• _WHAT TO WORK ON_
Copy the listing below exactly. Pictures stay out of it.

• _SOURCE DATA_
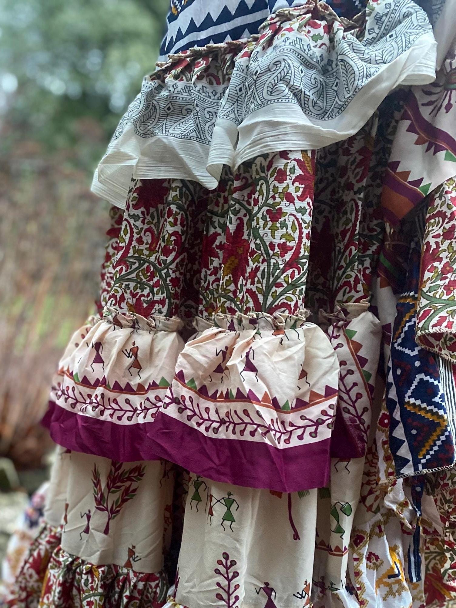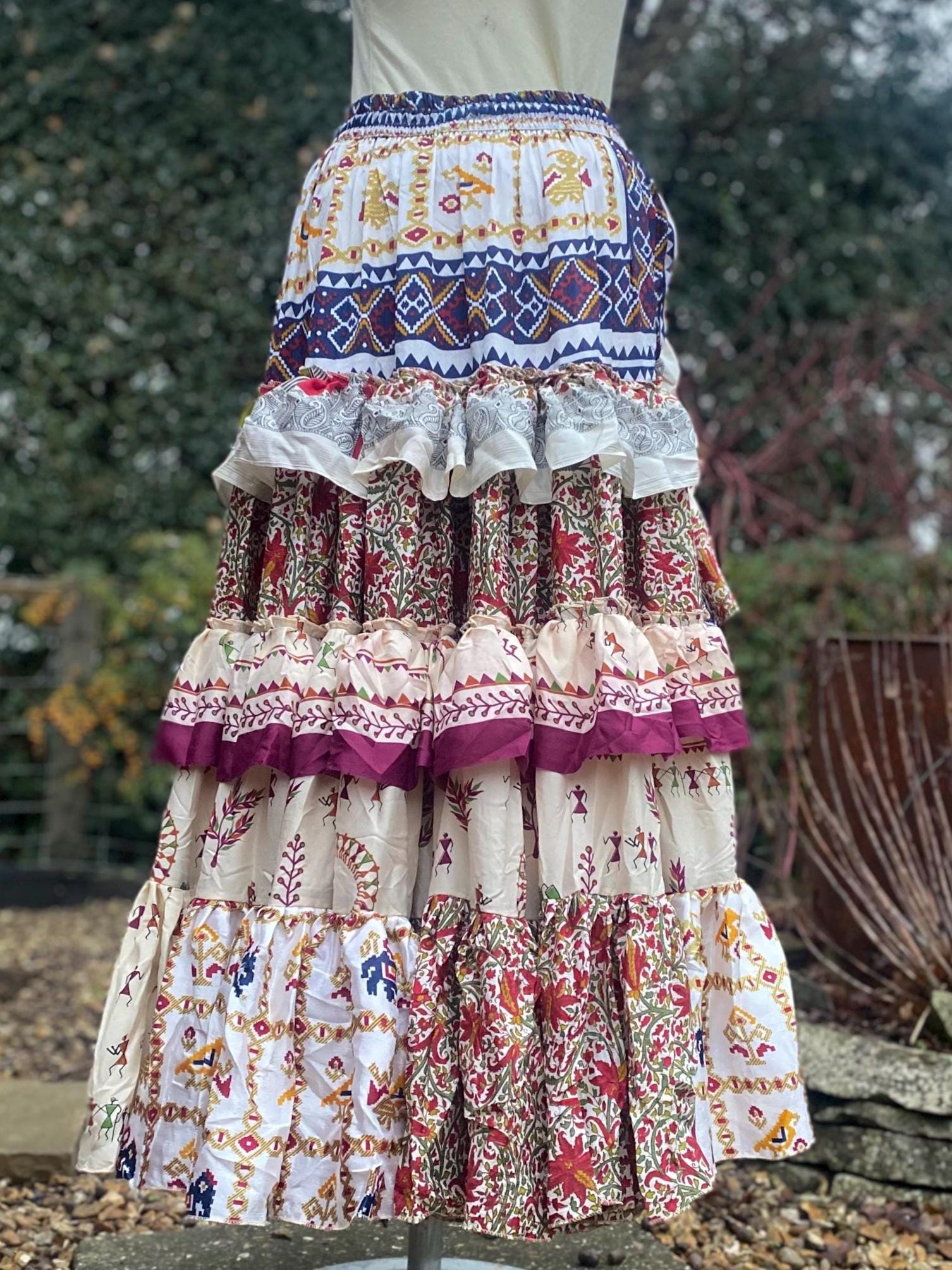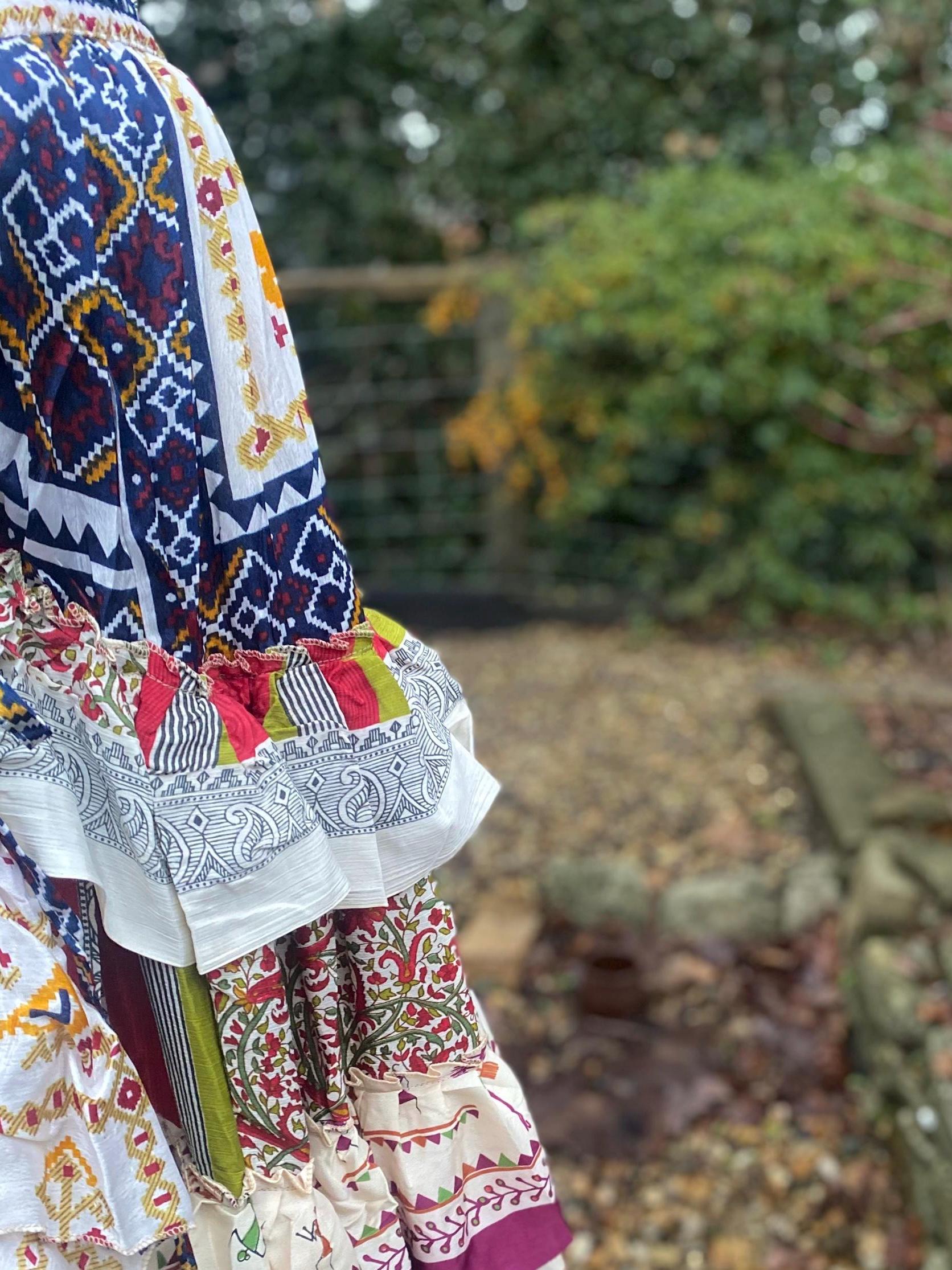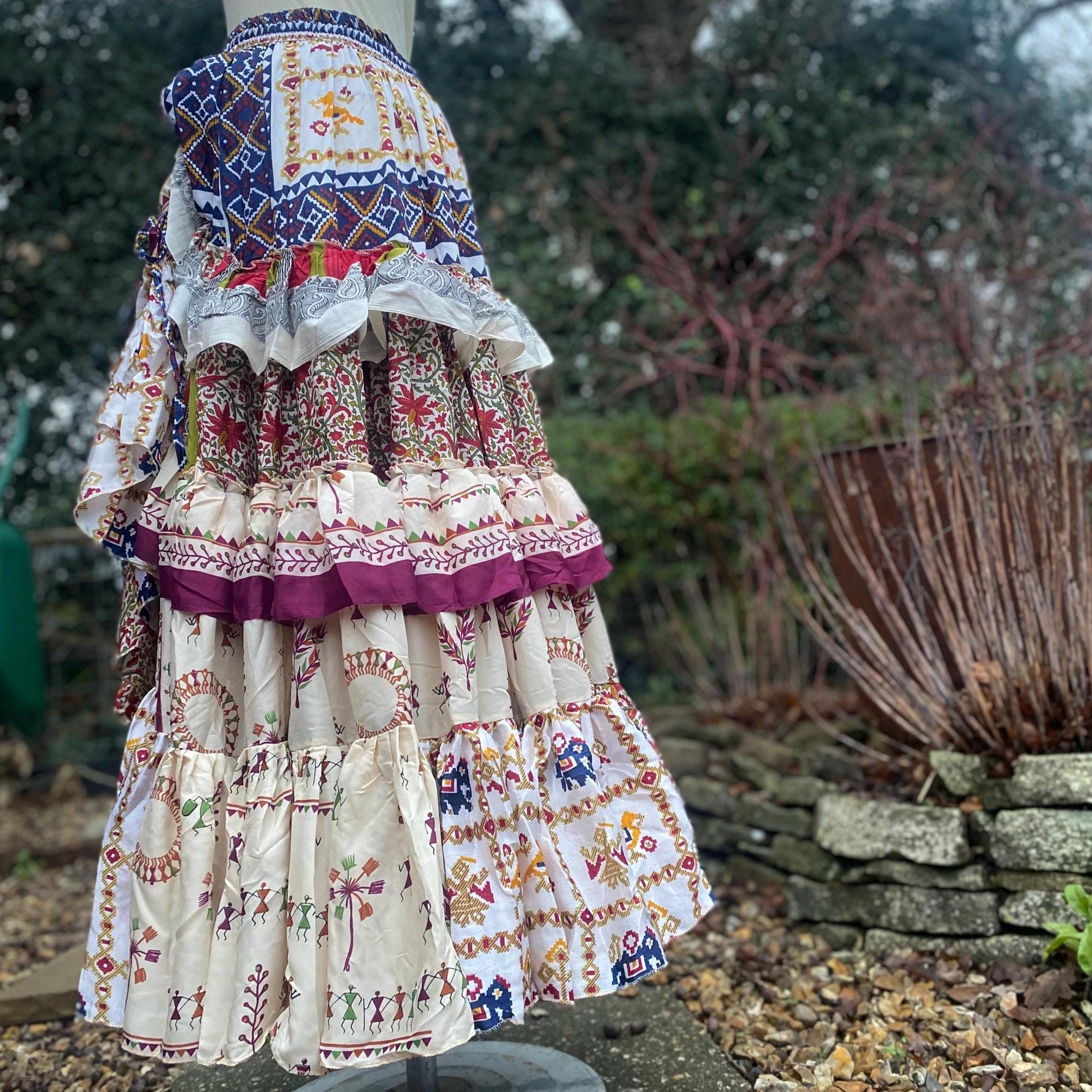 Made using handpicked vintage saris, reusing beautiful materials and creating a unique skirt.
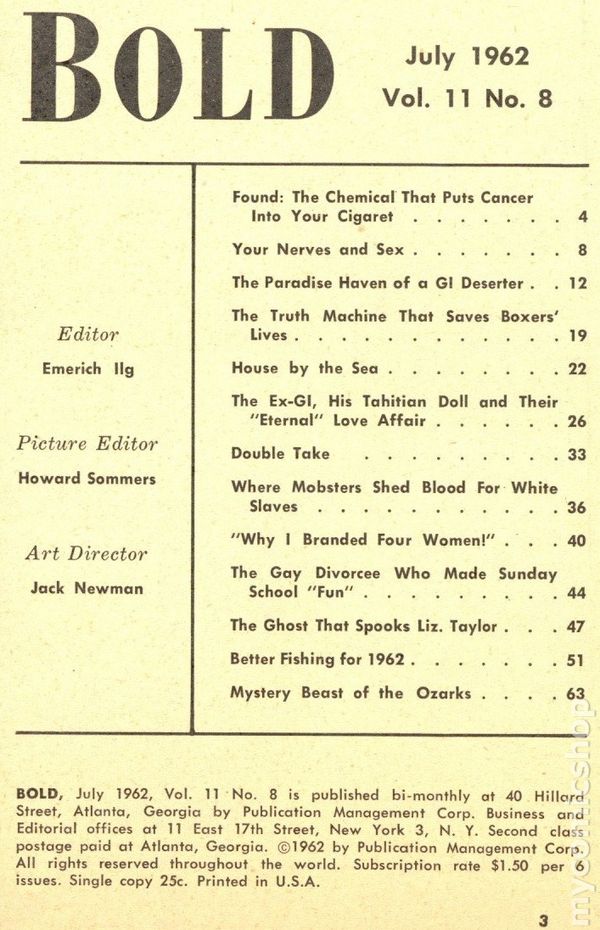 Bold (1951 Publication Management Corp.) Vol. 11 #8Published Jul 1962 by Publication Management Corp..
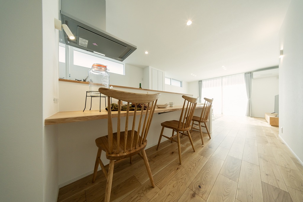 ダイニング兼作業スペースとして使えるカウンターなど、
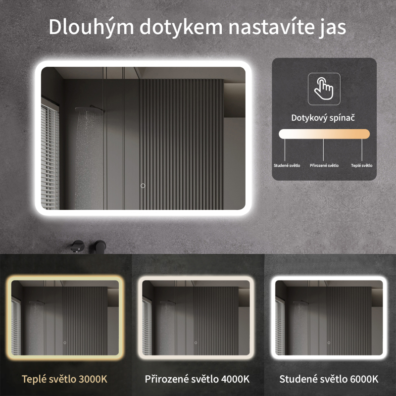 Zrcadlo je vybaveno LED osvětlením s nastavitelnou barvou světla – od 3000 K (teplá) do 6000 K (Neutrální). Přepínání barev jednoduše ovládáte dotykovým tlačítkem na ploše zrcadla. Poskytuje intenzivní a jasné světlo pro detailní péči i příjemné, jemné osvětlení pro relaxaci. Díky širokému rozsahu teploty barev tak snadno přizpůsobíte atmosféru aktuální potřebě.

• _TASK SOLUTION_
 Made using handpicked vintage saris, reusing beautiful materials and creating a unique skirt.
 Bold (1951 Publication Management Corp.) Vol. 11 #8Published Jul 1962 by Publication Management Corp..
 ダイニング兼作業スペースとして使えるカウンターなど、
 Zrcadlo je vybaveno LED osvětlením s nastavitelnou barvou světla – od 3000 K (teplá) do 6000 K (Neutrální). Přepínání barev jednoduše ovládáte dotykovým tlačítkem na ploše zrcadla. Poskytuje intenzivní a jasné světlo pro detailní péči i příjemné, jemné osvětlení pro relaxaci. Díky širokému rozsahu teploty barev tak snadno přizpůsobíte atmosféru aktuální potřebě.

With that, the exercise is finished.